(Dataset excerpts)
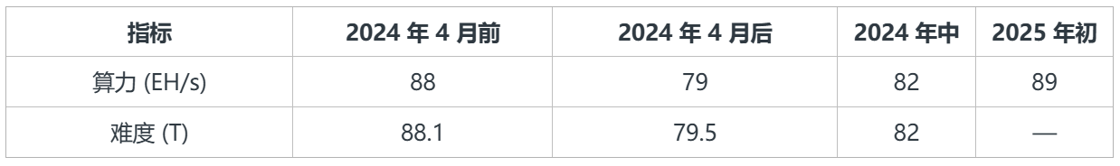 减半后,算力较低效的矿工一度关停矿机,导致 7 日移动平均算力从约 88 EH/s 降至 79 EH/s;网络难度也从 88.1 T 下降约 10% 至 79.5 T。此后难度和算力逐步回升,到 2024 年中旬算力回稳在 82 EH/s;至 2025 年初,7 日 SMA 算力又上升到约 89 EH/s,仅较减半前下滑 2%,说明大厂矿商持续支撑网络安全。
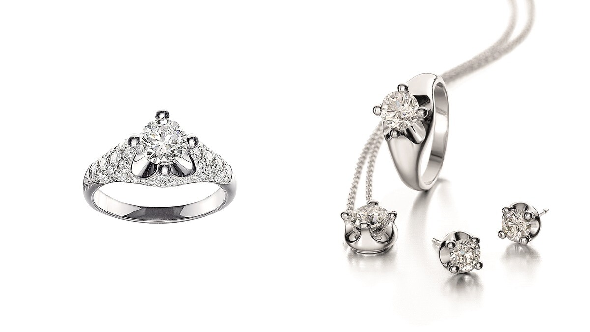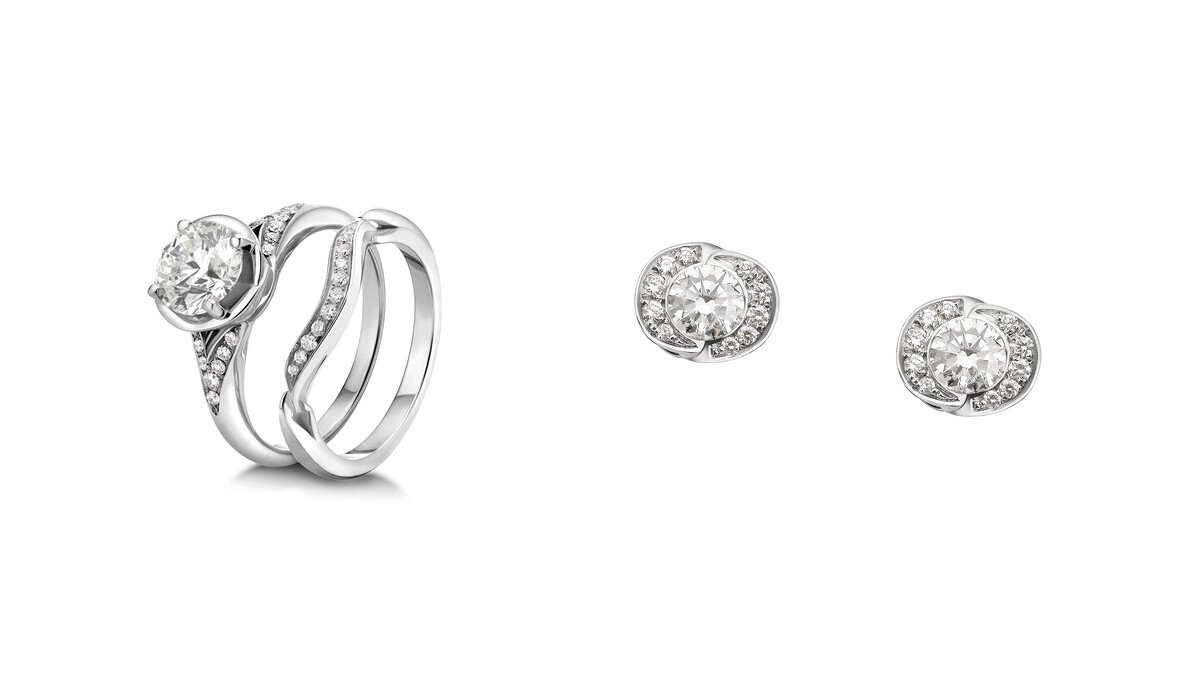 戒指以「光環」設計來捕捉愛情故事的第一道光芒,雙道密鑲鑽石從台座延伸,交匯於耀眼的單顆美鑽,其中也推出密釘鑽石耳環、白K金鑽石項鍊的整組珠寶,給準新人一整套永恆的紀念。
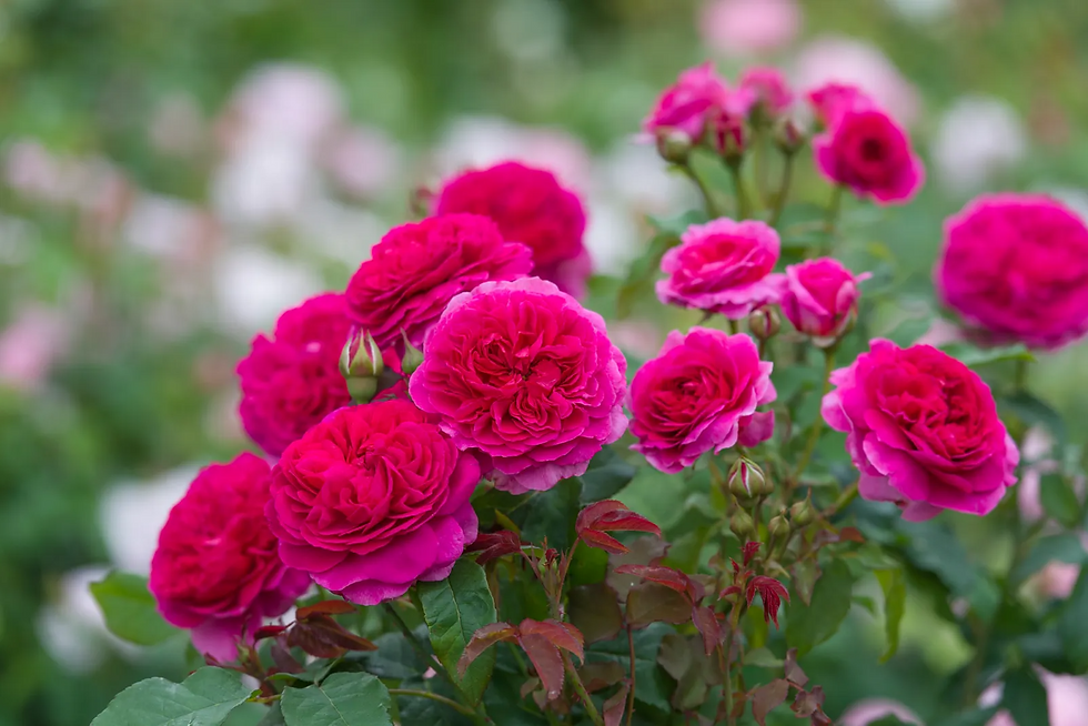 English garden roses, including roses by Peter Beales and David Austin, are a distinct class of roses blending the charming,, romantic, cup-shaped blooms and intoxicating fragrance of Old Roses with the wide color palette and repeat-flowering ability of modern hybrid teas. In this category, we have included all roses with the same look. They are characterized by a bushy shrub habit, excellent disease resistance, and winter hardiness.
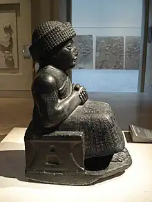 Statue de Gudea dédiée au dieu Ningishzida, v. 2120 av. J.-C., musée du Louvre[1] | |
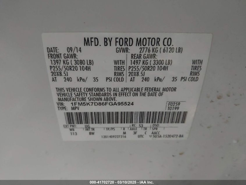 Color WhiteCylinders 6Drive Front wheel driveVIN 1FM5K7D86FG******State Run & Drive VerifiedDamage Right side AutoRIA
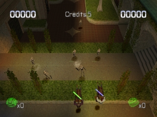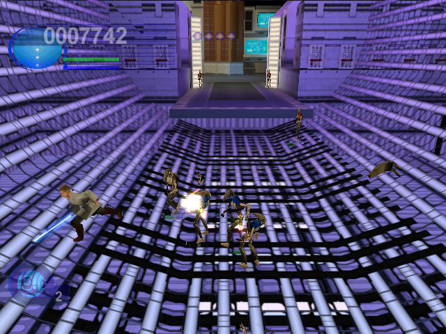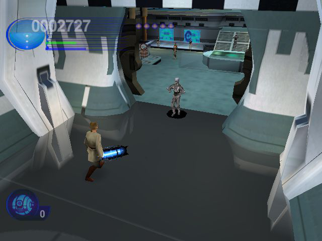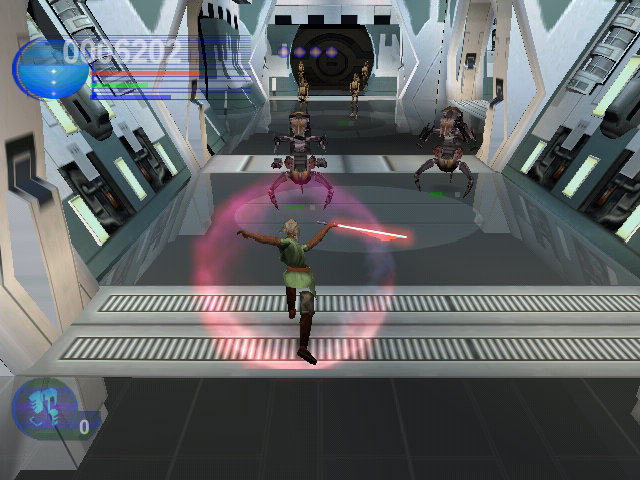 After choosing his favorite Jedi among the ones available (Adi Gallia, Mace Windu, Obi-Wan Kenobi, Qui-Gon Jinn, Plo Koon for the first two version or Obi-Wan, Qui-Gon, Mace Windu for the handheld one) the player starts with a first impact of the game on the Trade Federation Battleship, ideally following the plot of the movie. He is welcomed by a barrage of blaster shots by many Trade Federation Droids (which you can fight alongside a friend, thanks to the co-op mode), leading the player to quickly learn how to deflect them with the lightsaber and how to properly do the available double-jump in order to progress through the many not-always properly designed platforming areas, while picking-up power-ups whose sound design clearly resembles the laugh of a famous 900 years old Jedi Master (and these are Health, Force, your “bomb” item, Blade Amplifier, Blade Extender, Checkpoint, Point Bonus, Extra Life, Challenge, Randomizer, Ultimate Power-Up and Gungan Artifact).
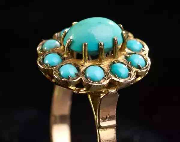 首先绿松石是由铜、磷、铝、铁和水形成的一种磷酸盐矿物质,一般硬度5~6,密度2.6~2.9,折射率约1.62。因为绿松石的硬度不高,所以非常适合用来做戒指的戒面!
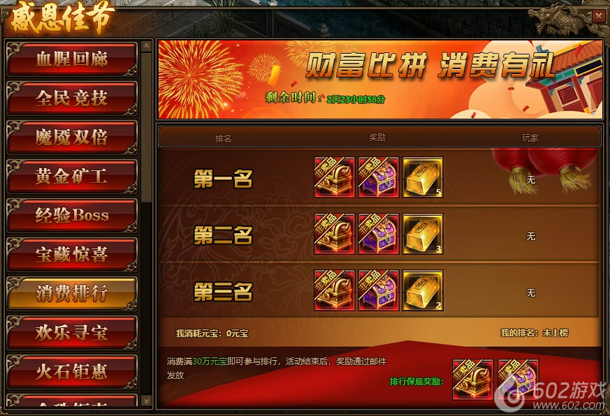 1.活动期间,玩家消费满30万元宝参与排行
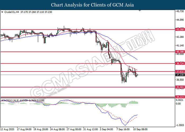 CrudeOIL, H4: Crude oil price was traded lower following prior retracement from the resistance level at 37.65. MACD which illustrate diminishing bullish momentum suggest the commodity to extend its losses toward the support level at 35.55.
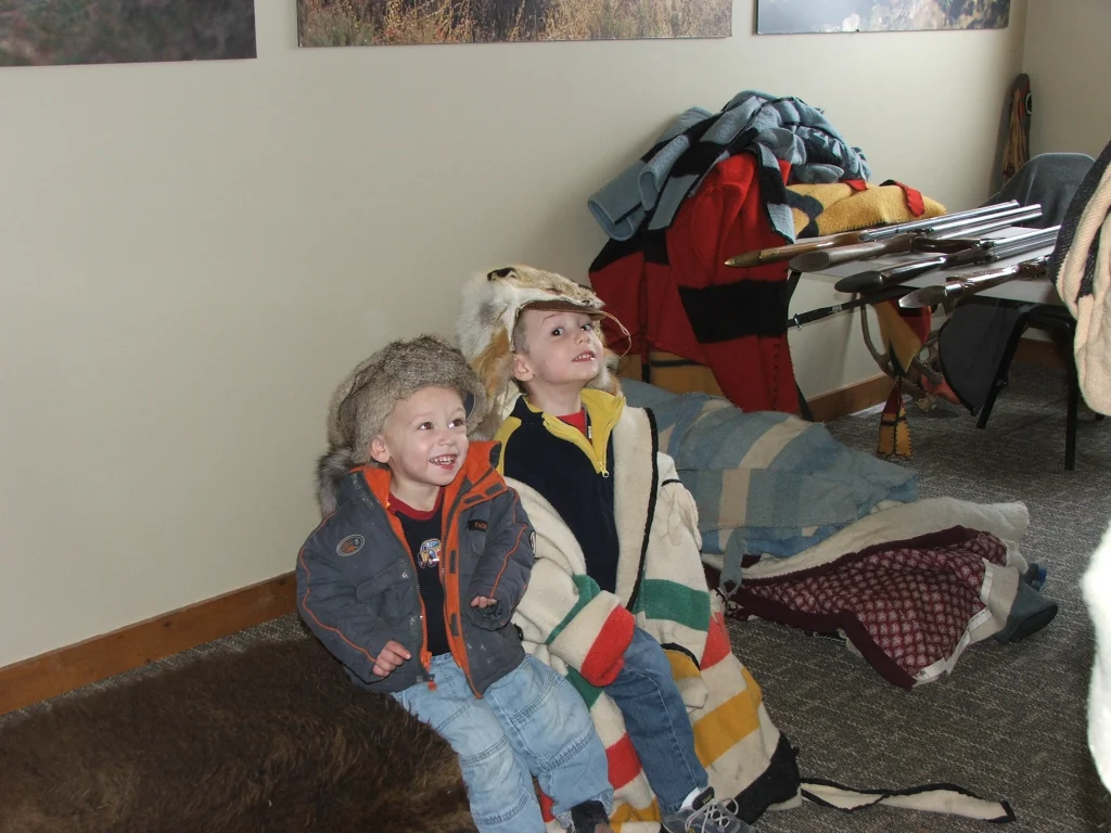 The mountain men also had capotes for folks to put on and have their pictures taken holding a real muzzleloader and wearing authentic fur hats.

Problem details
Reproduce the data above exactly, but only the lines from the one showing "English garden roses, including" through the one showing "Color WhiteCylinders 6Drive", with both ends kept and the pictures left out.

Your response
 English garden roses, including roses by Peter Beales and David Austin, are a distinct class of roses blending the charming,, romantic, cup-shaped blooms and intoxicating fragrance of Old Roses with the wide color palette and repeat-flowering ability of modern hybrid teas. In this category, we have included all roses with the same look. They are characterized by a bushy shrub habit, excellent disease resistance, and winter hardiness.
 Statue de Gudea dédiée au dieu Ningishzida, v. 2120 av. J.-C., musée du Louvre[1] | |
 Color WhiteCylinders 6Drive Front wheel driveVIN 1FM5K7D86FG******State Run & Drive VerifiedDamage Right side AutoRIA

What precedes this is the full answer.